Когда мне исполнилось двадцать два, все вокруг наперебой твердили: «Дар… талант… деньги… слава».
Но спустя десятилетие я понял — они ошибались.
Курт Воннегут, пожалуй, выразился бы иначе: «Ты повзрослел».
Ведь зрелость, по его мнению, — это умение осознавать границы собственных возможностей.
***
После смены в супермаркете, где я подрабатываю грузчиком, я стоял в школьном холле рядом с маленьким сыном.
— Папа, дай пятнадцать гривен. Я в буфет за пирожком сбегаю. — Он потянул меня за рукав. — Сегодня с яблоками. Тёплые.
— Сколько?
— Пятнадцать.
Я сунул руку в карман и нащупал купюру. Даже не глядя знал: это была сотня. Последняя.
«Дать? Не давать?» — пульс застучал в висках.
Сын заметил мою нерешительность и метнулся к турникету.
— Ладно! У мамы попрошу! — крикнул он на бегу.
***
Я рванулся следом за ним.
Уборщица удивлённо вскинула голову на мой шумный проход.

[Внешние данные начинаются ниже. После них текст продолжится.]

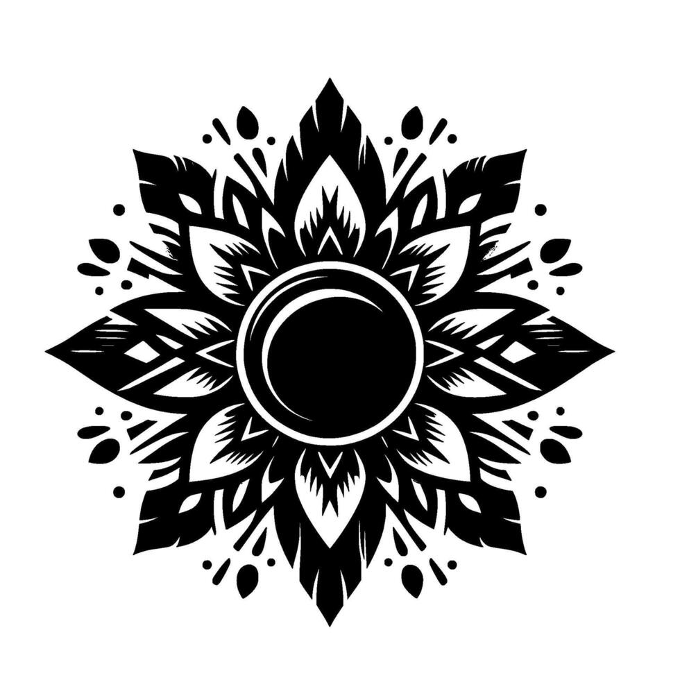 Bold Black and White Floral Mandala with Central Circular Element, Detailed Geometric Patterns and Sharp, Symmetric Composition. vector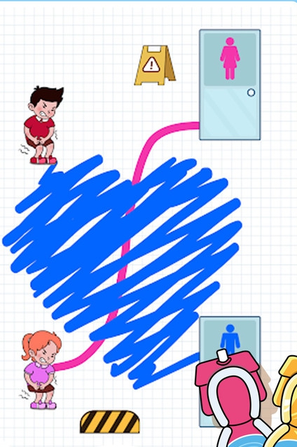 1. 在开始每一关之前,先留意小人与厕所所处的位置,以及两者之间障碍的分布情况。在脑海里大致构思出可能的连接路线,随后逐个排除那些不可行的线路。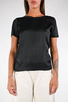 Vicolo-Blusa satin elasticizzata mezza manica T-shirt girocollo a maniche corte con in tessuto effetto satin. Vicolo offre un’atmosfera leggera e delicata, vibrante di texture, colori, luci e ombreart.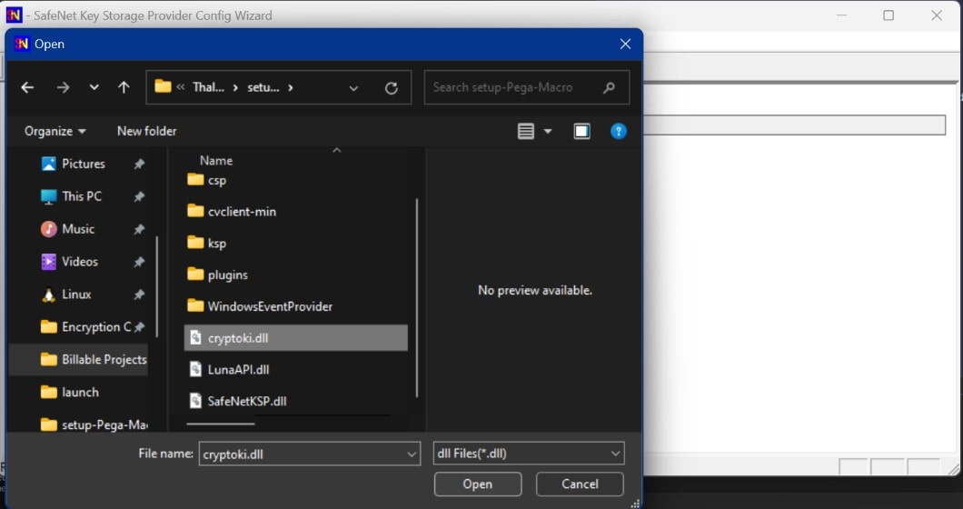 Click Browse. Select the cryptoki.dll file from the Luna Cloud HSM Service Client.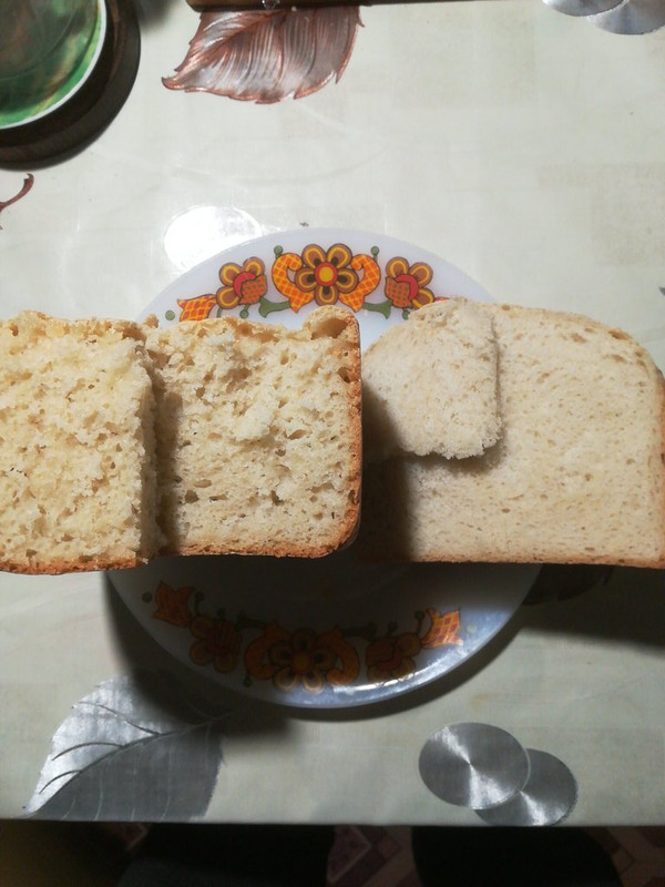 Интересный вкус . Рецепт для хлебопечки , можно и так выпекать . Дрожжи - 1,3 ч.л. ( быстрые ) Мука - 400 г. Сахар - 3,3 ст.л. Соль - 2,3 ч.л. Масло - 2,6 ст.л. Вода теплая - 250 мл. ![]() В хлебопечке есть два варианта выпечки . Программа , там понятно . Но хлеб получается с мелкими порами , пушистый . Можно в ручном режиме . Хлеб совсем другой , и цвет , и крупные поры , и мякоть другая , немного "резиновый" , как хлеб 70-х . Вкусный . Вот слева ручной режим , справа программа . ![]() Выпечка в ручном режиме . Закладываем в ведро ингредиенты . Включаем режим ЗАМЕС. Пусть замесит до колобка и выключаем . Включаем режим ВЫПЕЧКА. Пусть подогреет ведро 3 мин. Выключаем . Через 30 мин. опять подогрев пару минут . И так несколько раз . Через 2 часа включаем режим ВЫПЕЧКА на 55 мин. Все , хлеб готов ! -------------------- лучшее изобретение человечества - это музыка и интернет !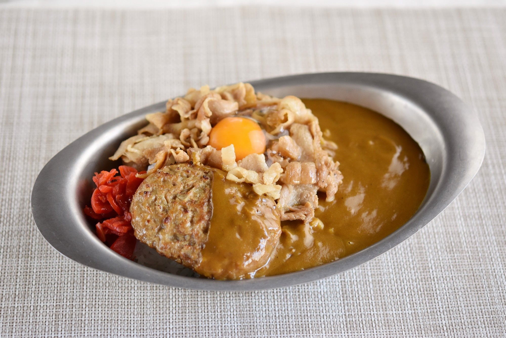 豚生姜焼きとハンバーグに生卵もオンした美味しいもの全部のせカレー!

— Женщина! Да что ты себе позволяешь?! Ты же совсем себя не уважаешь! — прошипел я Марьяне прямо в лицо от злости и стыда.
Она схватила меня за локоть и быстро увела прочь от посторонних глаз — к себе в тесную подсобку, пропитанную запахом мокрых тряпок и старого мыла.
***
— Опять напился? — процедила она сквозь зубы с яростью. — Стыдись хоть перед ребёнком!

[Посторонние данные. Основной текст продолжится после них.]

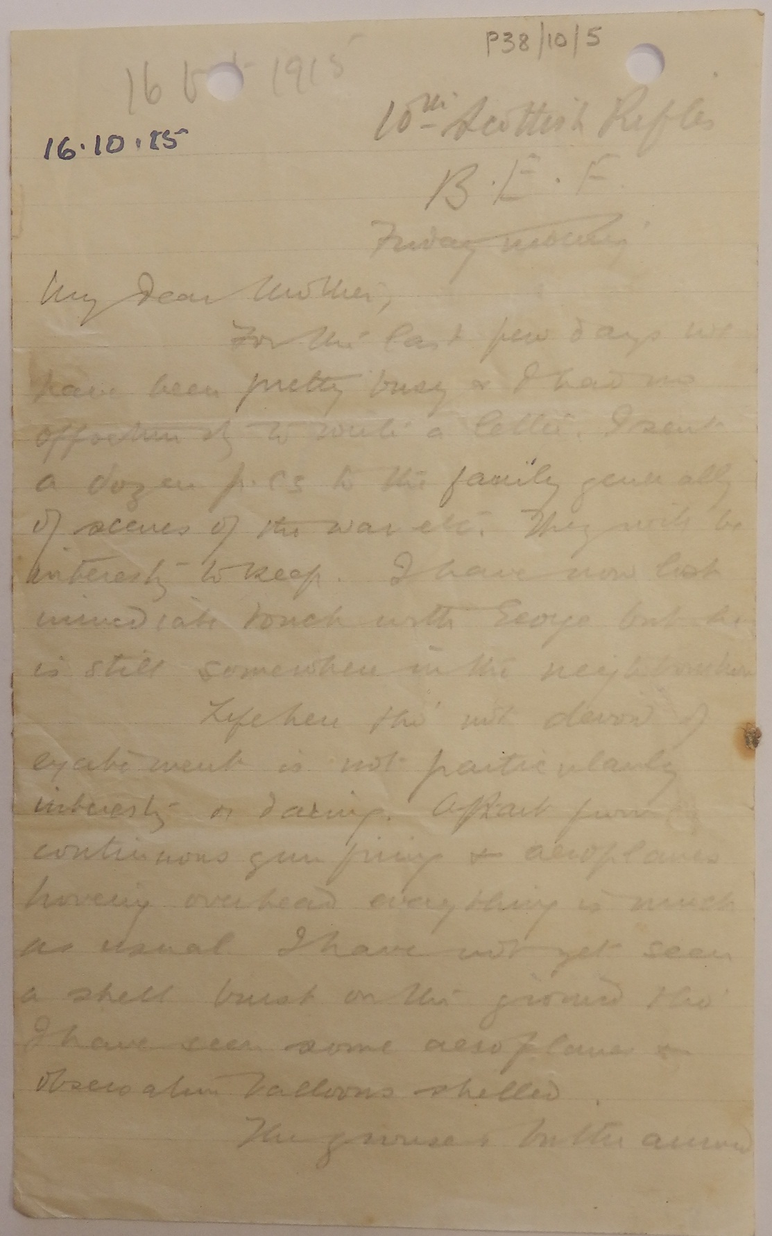 Dated: Friday morning 16 October 1915, 10th Scottish Rifles, B.E.F.
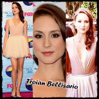 A linda Troian (Spencer) optou por um look mais clássico e moderno. Um vestido com corte em V, utilizando um tecido fino. No make apostou num delineador, sombra clara.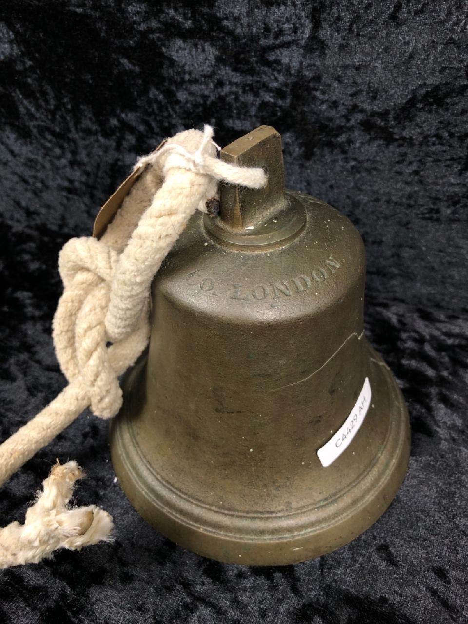 Old Mears & Co London bell - filled with cement and converted to a door stop. Crack to bell. Approx H14cm.

— Марьяна… зачем ты здесь? Ты не должна быть уборщицей! — выкрикнул я с отчаянием в голосе.
— А кто сына кормить будет? — кивнула она куда-то за мою спину.
Я обернулся. Там стоял наш мальчик.
— Па… ма… я пошутил! — затараторил он сквозь слёзы, вытирая их рукавом. — Мне пирожок не нужен…
***
— Марьяна, пойдём домой… прошу тебя… Я больше ни капли… – Я рухнул на колени перед ней. – Всё брошу!
— Поклянись. – холодно произнесла она. – Вон икона стоит. Перед ней поклянись!
На маленьком столике под старой клеёнкой рядом с кружкой чая, покрытого мутной плёнкой, стояла небольшая иконка со стертым ликом святого.
— Клянусь… – выдохнул я без колебаний, счастливый лишь от того, что Марьяна не потребовала присягнуть перед сыном.
Понимая шаткость своей решимости, я схватил икону со стола и спрятал её в карман брюк.